Ernest Watkins

Personal information
- Full name: Alfred Ernest Watkins
- Date of birth: 26 June 1878
- Place of birth: Llanwnnog, Wales
- Date of death: 7 December 1957 (aged 79)
- Place of death: Barking, England
- Position: Inside-forward

Senior career*
- Years: Team / Apps / (Gls)
- 1894–1895: Caersws
- 1895–1897: Oswestry
- 1897–1899: Leicester Fosse / 31 / (12)
- 1899–1901: Aston Villa / 1 / (0)
- 1901: Grimsby Town / 11 / (5)
- 1901–1906: Millwall Athletic
- 1906–190?: Southend United

International career
- 1898–1904: Wales / 5 / (0)

= Alfred Ernest Watkins =

Welsh footballer

Alfred Ernest Watkins (26 June 1878 – 7 December 1957), also known as Fred Watkins, was a Welsh international footballer who played as an inside-forward or winger.

Watkins played club football for Leicester Fosse, Aston Villa, Grimsby Town and Millwall Athletic.

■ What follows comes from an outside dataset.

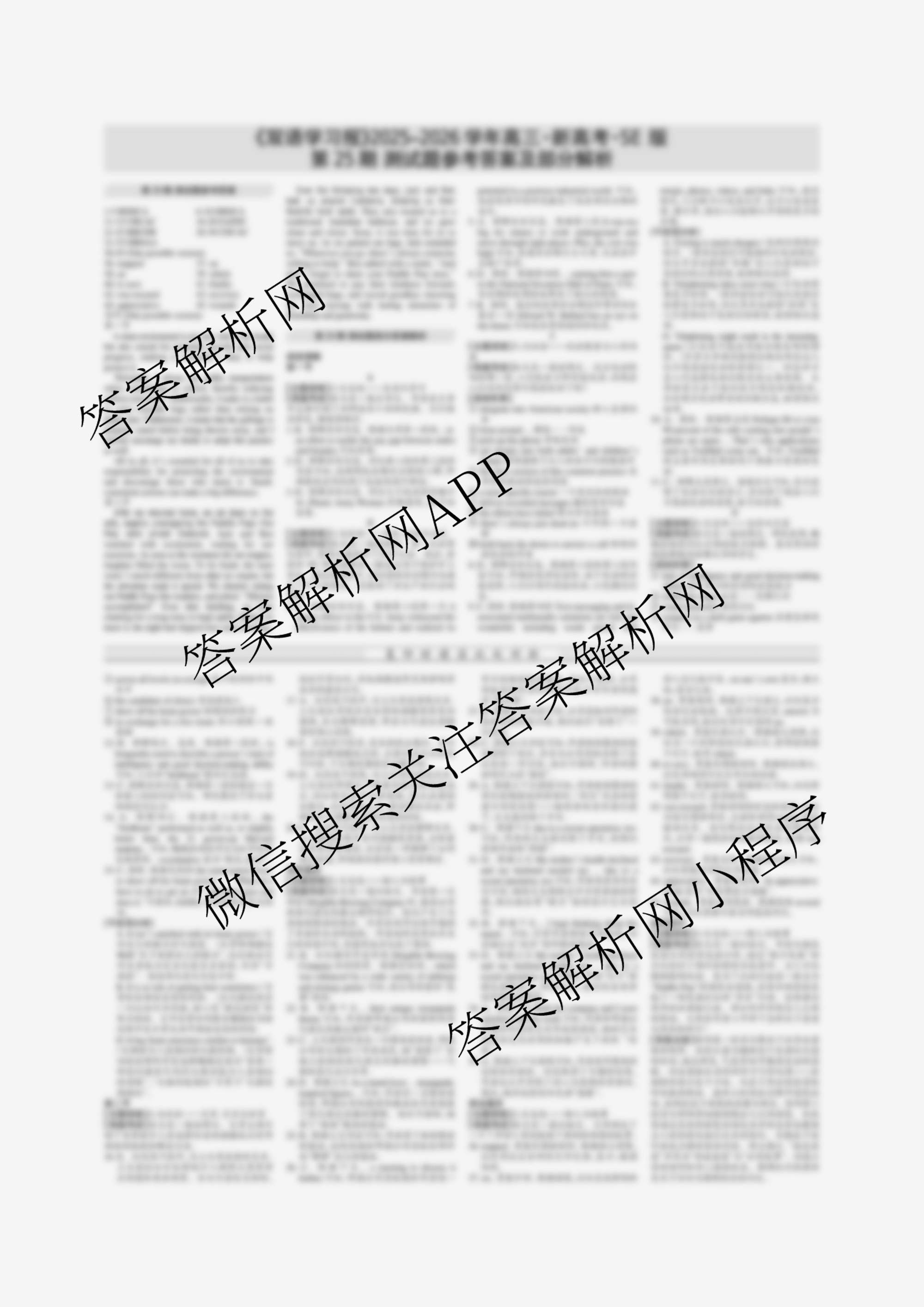 双语学习报 2025-2026学年上学期 高三 新高考SE版 第25期答案

In 1906, he signed to play in Southend United's inaugural season in the Southern League.

He was part of the Wales national football team between 1898 and 1904, playing five matches. He played his first match on 19 March 1898 against Scotland and his last match on 21 March 1904 against Ireland.

His younger brother, Walter Watkins, also played professional football.